(What to do): Reproduce each record verbatim, images excluded.

[Entries taken from a collection]
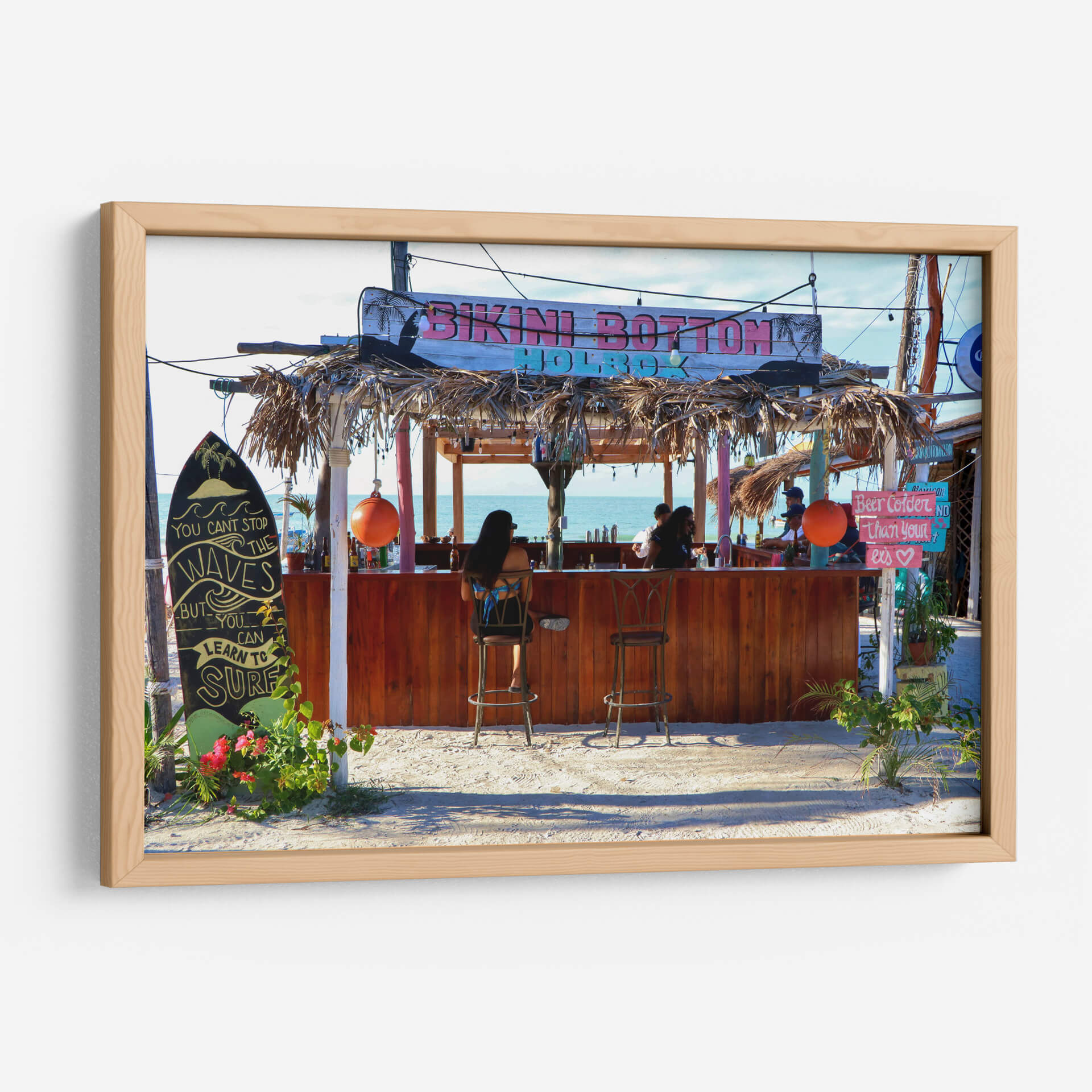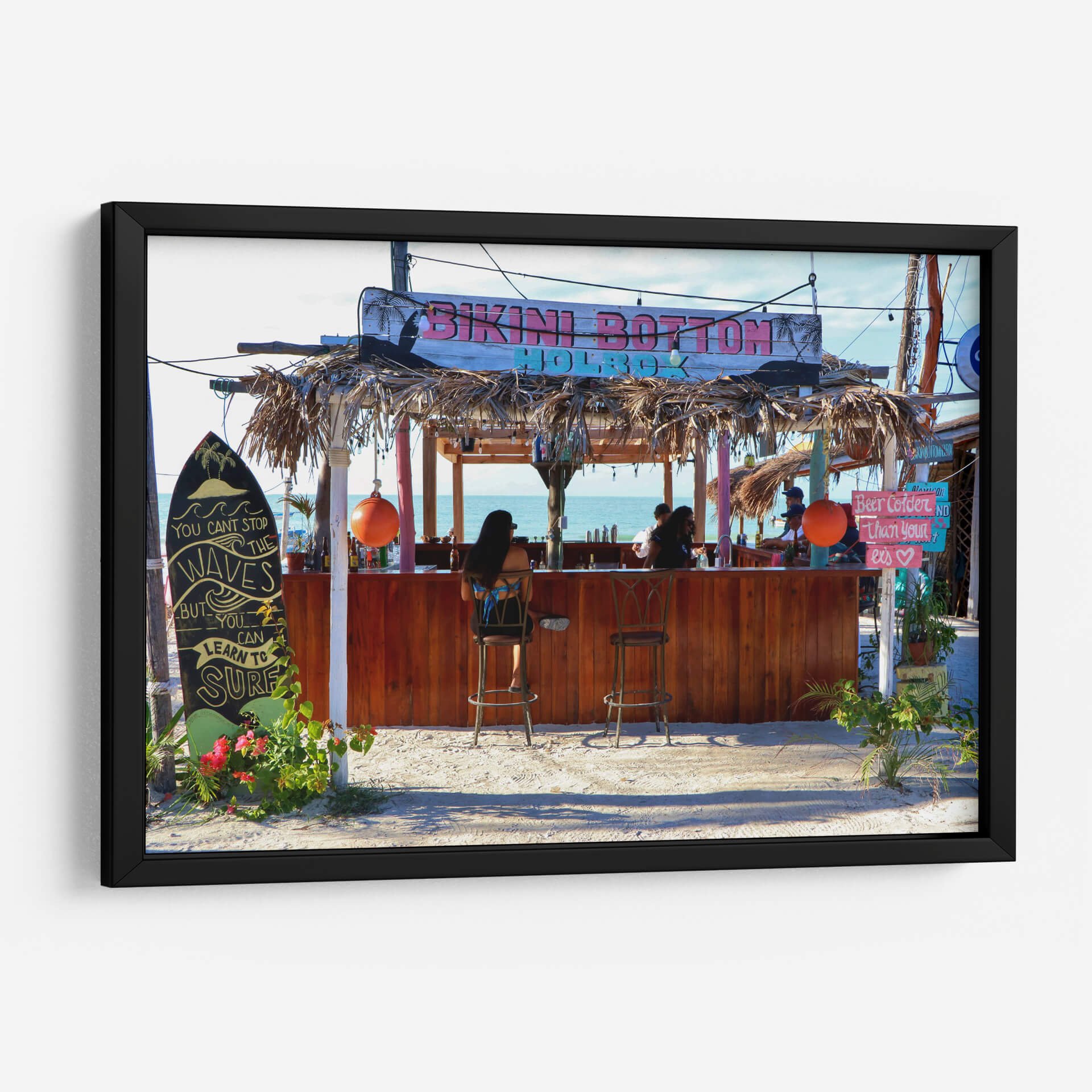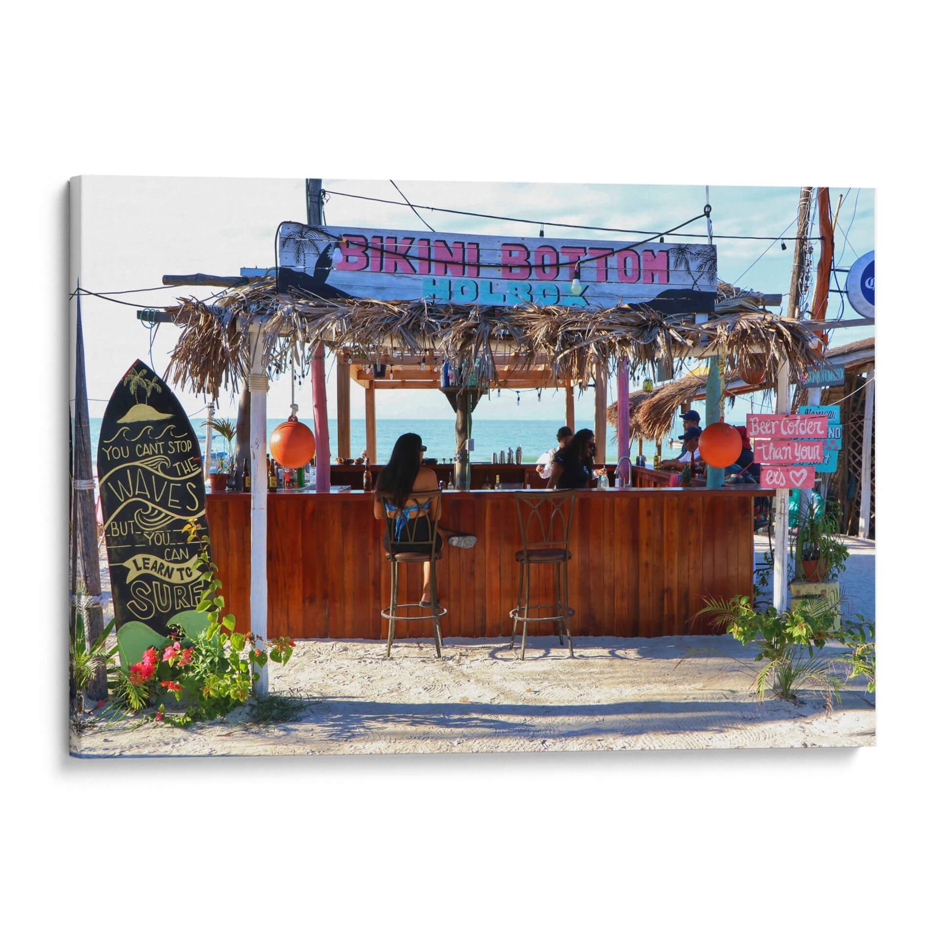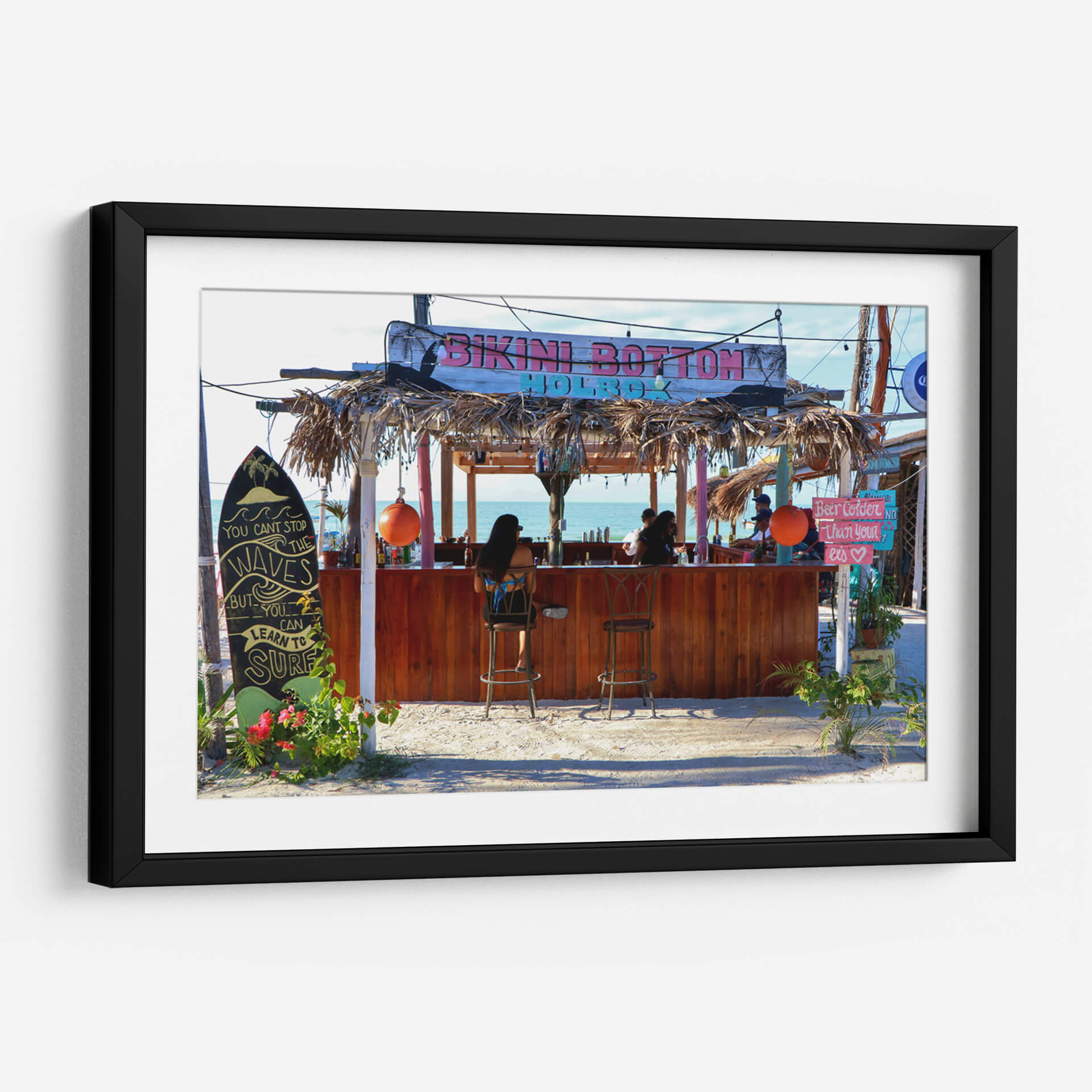 Captura la esencia vibrante y relajada de un paraíso tropical con este cuadro decorativo titulado 'Colorido bar en Holbox', obra del artista Luis Rodrigo Magaña Andrade. Esta pieza evoca la atmósfera despreocupada de unas vacaciones junto al mar, transportando la brisa marina y la alegría del verano directamente a tu hogar u oficina. La composición presenta un acogedor bar de playa con una estética rústica, adornado con techos de palma y una colorida señalización que invita a la relajación. Los tonos cálidos de la madera se combinan armoniosamente con los vibrantes colores del cielo y el mar al fondo, creando un contraste visual cautivador. Los detalles como la tabla de surf con un inspirador mensaje y la exuberante vegetación circundante añaden profundidad y carácter. Este cuadro es ideal para aquellos que buscan infundir a sus espacios un sentido de escapismo, diversión y calidez. Imagina este cuadro como el punto focal perfecto para tu sala de estar, un rincón de lectura o incluso un espacio comercial que desee proyectar una imagen de bienvenida y buen rollo. Es una invitación visual a desconectar y disfrutar de los placeres sencillos de la vida, perfecta para amantes de la playa, los viajes y el arte con alma.
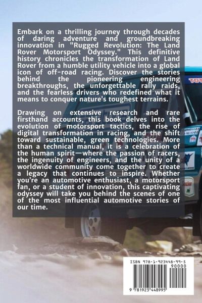 Embark on a thrilling journey through decades of daring adventure and groundbreaking innovation in "Rugged Revolution: The Land Rover Motorsport Odyssey." This definitive history chronicles the transformation of Land Rover from a humble utility vehicle into a global icon of off-road racing. Discover the stories behind the pioneering engineering breakthroughs, the unforgettable rally raids, and the fearless drivers who redefined what it means to conquer nature's toughest terrains. Drawing on extensive research and rare firsthand accounts, this book delves into the evolution of motorsport tactics, the rise of digital transformation in racing, and the shift toward sustainable, green technologies. More than a technical manual, it is a celebration of the human spirit-where the passion of racers, the ingenuity of engineers, and the unity of a worldwide community come together to create a legacy that continues to inspire. Whether you're an automotive enthusiast, a motorsport fan, or a student of innovation, this captivating odyssey will take you behind the scenes of one of the most influential automotive stories of our time.
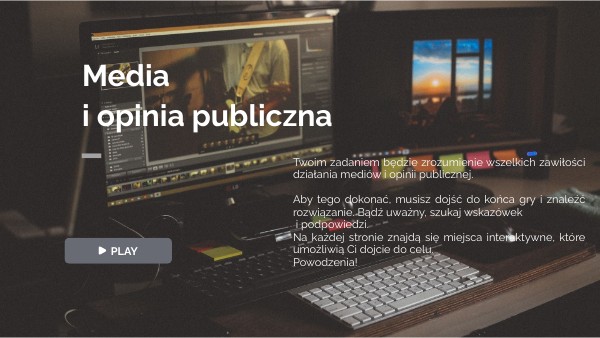 Twoim zadaniem będzie zrozumienie wszelkich zawiłości działania mediów i opinii publicznej. Aby tego dokonać, musisz dojść do końca gry i znaleźć rozwiązanie. Bądź uważny, szukaj wskazówek i podpowiedzi. Na każdej stronie znajdą się miejsca interaktywne, które umożliwią Ci dojcie do celu. Powodzenia!
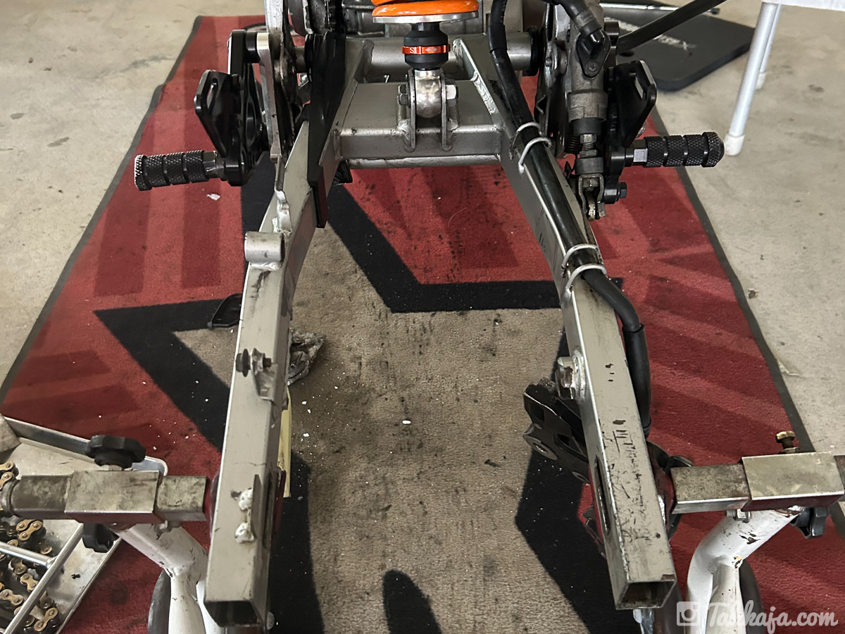 昔だったら絶対考えないし、街乗りしかしてない人だと自分のバイクのスイングアームの取り外しなんてまず一生やらない作業。
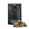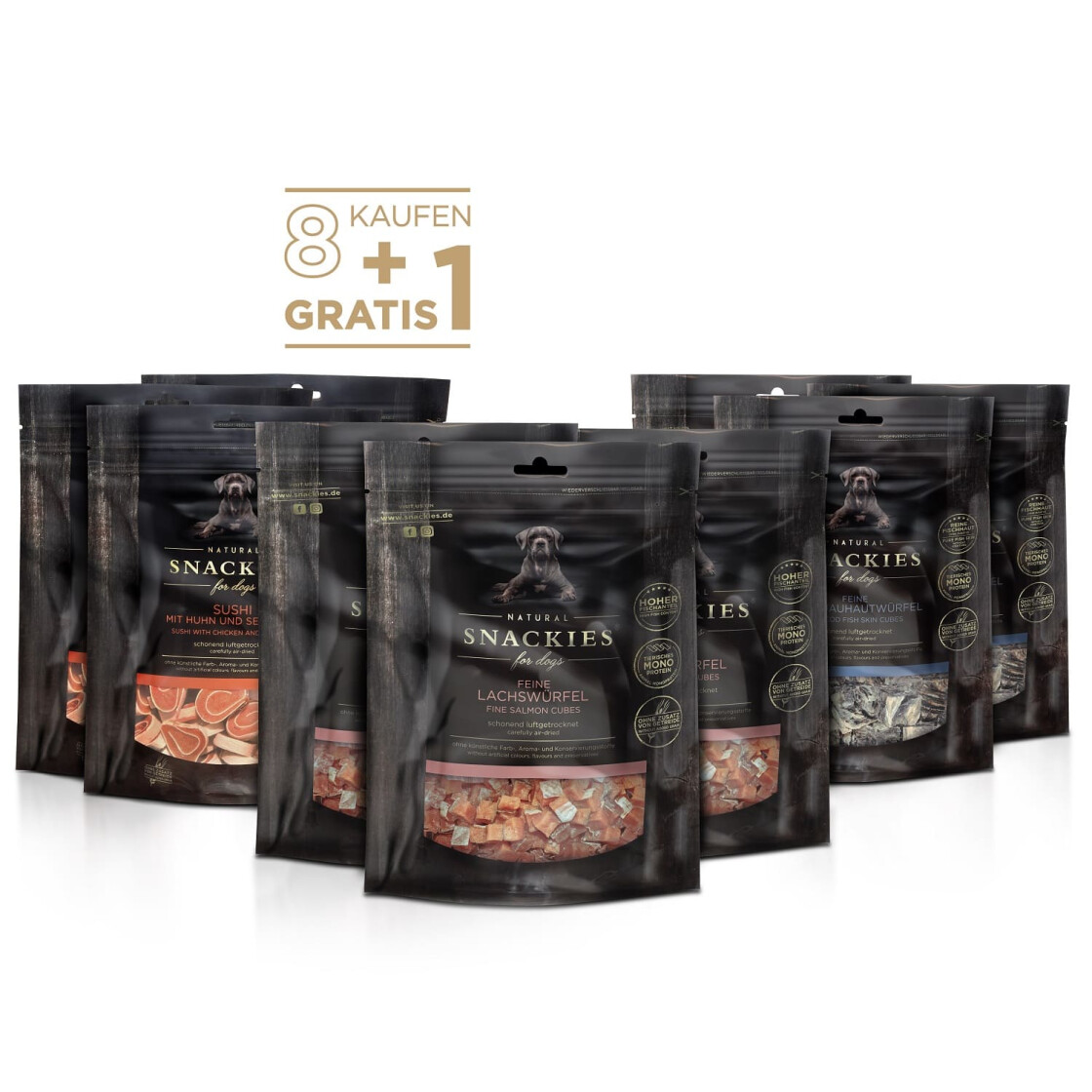 Lachswürfel: 85% Lachs, Erbsenprotein, Kartoffelstärke, natürliches pflanzliches Glycerin, Mineralstoffe

(Completed task):
 Captura la esencia vibrante y relajada de un paraíso tropical con este cuadro decorativo titulado 'Colorido bar en Holbox', obra del artista Luis Rodrigo Magaña Andrade. Esta pieza evoca la atmósfera despreocupada de unas vacaciones junto al mar, transportando la brisa marina y la alegría del verano directamente a tu hogar u oficina. La composición presenta un acogedor bar de playa con una estética rústica, adornado con techos de palma y una colorida señalización que invita a la relajación. Los tonos cálidos de la madera se combinan armoniosamente con los vibrantes colores del cielo y el mar al fondo, creando un contraste visual cautivador. Los detalles como la tabla de surf con un inspirador mensaje y la exuberante vegetación circundante añaden profundidad y carácter. Este cuadro es ideal para aquellos que buscan infundir a sus espacios un sentido de escapismo, diversión y calidez. Imagina este cuadro como el punto focal perfecto para tu sala de estar, un rincón de lectura o incluso un espacio comercial que desee proyectar una imagen de bienvenida y buen rollo. Es una invitación visual a desconectar y disfrutar de los placeres sencillos de la vida, perfecta para amantes de la playa, los viajes y el arte con alma.
 Embark on a thrilling journey through decades of daring adventure and groundbreaking innovation in "Rugged Revolution: The Land Rover Motorsport Odyssey." This definitive history chronicles the transformation of Land Rover from a humble utility vehicle into a global icon of off-road racing. Discover the stories behind the pioneering engineering breakthroughs, the unforgettable rally raids, and the fearless drivers who redefined what it means to conquer nature's toughest terrains. Drawing on extensive research and rare firsthand accounts, this book delves into the evolution of motorsport tactics, the rise of digital transformation in racing, and the shift toward sustainable, green technologies. More than a technical manual, it is a celebration of the human spirit-where the passion of racers, the ingenuity of engineers, and the unity of a worldwide community come together to create a legacy that continues to inspire. Whether you're an automotive enthusiast, a motorsport fan, or a student of innovation, this captivating odyssey will take you behind the scenes of one of the most influential automotive stories of our time.
 Twoim zadaniem będzie zrozumienie wszelkich zawiłości działania mediów i opinii publicznej. Aby tego dokonać, musisz dojść do końca gry i znaleźć rozwiązanie. Bądź uważny, szukaj wskazówek i podpowiedzi. Na każdej stronie znajdą się miejsca interaktywne, które umożliwią Ci dojcie do celu. Powodzenia!
 昔だったら絶対考えないし、街乗りしかしてない人だと自分のバイクのスイングアームの取り外しなんてまず一生やらない作業。
 Lachswürfel: 85% Lachs, Erbsenprotein, Kartoffelstärke, natürliches pflanzliches Glycerin, Mineralstoffe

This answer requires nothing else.